Tuesday, April 24, 2018

 

Ink-Slinger Profiles by Alex Jay: J. Campbell Cory


An excellent profile of John Campbell Cory is at Yesterday’s Paper which was posted September 3, 2014. For this Ink-Slinger profile I will show what I believe were some of the source material for the profile; included are some “new” information and images.

Ancestry.com is a major source for census records, city directories, travel lists and military service. Birth information, occupations and addresses are usually found in such records. Cory was found in artist directories such as American Art Annual 1905–1906 and American Art Annual Volume 10 (1913).

The Arena profiled Cory in its January 1906 issue. The article has some birth information and said Cory was a self-taught artist who was interested in horses. It mentions his early newspaper work and whereabouts.







Several years later, The Scoop, March 6, 1915, profiled Cory in its article, “The Herald’s Cartoonist”, which was reprinted in Cartoons Magazine, May 1915.



Cory’s interest in horses appeared in the New York Press, January 12, 1896, which published his illustrated article, “Perfection in a Horse”. The newspaper reprinted it three days later.



Additional information about Cory and horses was published in the New York Morning Telegraph, February 8, 1900. The article also mentioned his sister, Fanny Young Cory.


Speaking of Fanny, her book-plate for Cory was reported in The Literary Collector, May 1904.


Cory’s publication, The Bee, was reported in the Fourth Estate, May 19, 1898, and The Printer & Bookmaker, June 1898.



Cory produced over 400 cartoons for the New York Evening World in 1901 and from 1905 to 1907.

Cory was one of a dozen cartoonists and illustrators pictured by J.S. Anderson in Success Magazine, February 1906.


Cory was a businessman. The New York Times, February 25, 1902, noted the incorporation of the New York School of Caricature.

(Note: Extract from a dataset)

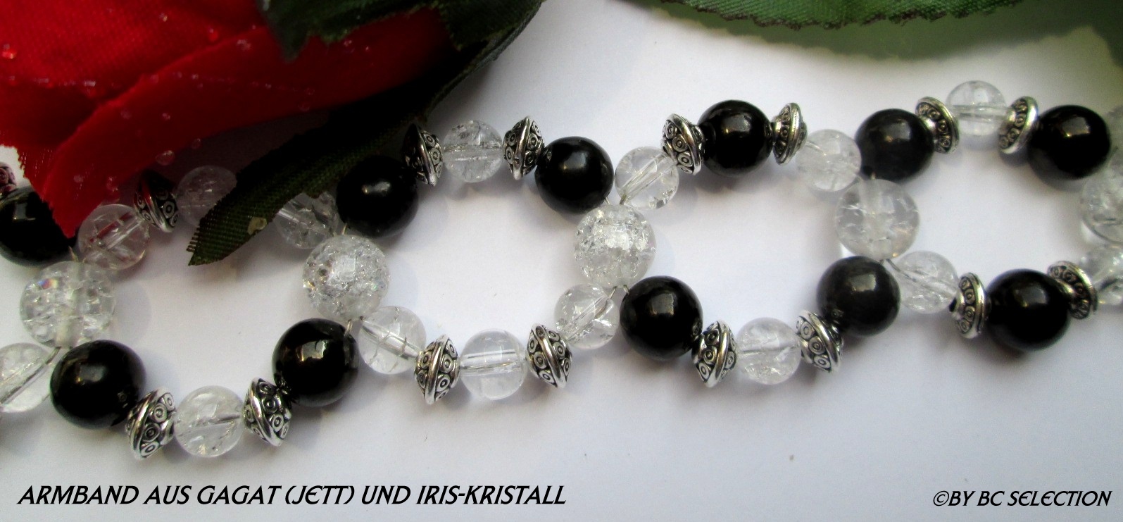 Ende Juni war ich bei meinem Grosshändler in Idar-Oberstein und habe mir einen Strang Gagat mitgenommen. Heute habe ich die Kette und das Armband gemacht.

Albany, Feb. 24.—The following companies were incorporated to-day:
New York School of Caricature of New York; capital, $20,000. Directors—Louis Dalrymple and Campbell Cory of New York, and S. B. Griffin of Mamaroneck.
The New York Sun, June 23, 1902, published this item about Cory’s gold.
J. Campbell Cory of the Cory Brothers Mining Company has returned from New York. The force at the mine will be largely increased and shipments made. The company owns a big vein of free milling gold ore which will be developed. A number of New York people are interested in this company.


In 1908 Cory published an open letter in the Chicago Tribune (below), February 5 and Golfers Magazine, March 14, where he offered to sell a portion of his land in the Pacific Northwest.


Cory’s second open letter appeared in the Chicago Tribune, February 11, 1908.


It seems Cory was a bit of a thrill-seeker. His November 1909 balloon ride in Cincinnati was described in Aeronautics, January 1910. Photographs of Cory and the balloon are in the 2009 book, Evans and Angola.

Cory’s book, The Cartoonist’s Art, was published in 1912. Cory’s drawings appeared in the Chicago-based publication, The Day Book in 1912 and 1913. In 1913 Cory’s portraits of President Wilson’s cabinet members appeared in the Sante Fe New Mexican. The Publishers Feature Bureau ran this advertisement in Cartoons Magazine, March 1917.


News of Cory’s passing in 1925 appeared in numerous publications. Cory was laid to rest in Millburn Cemetery.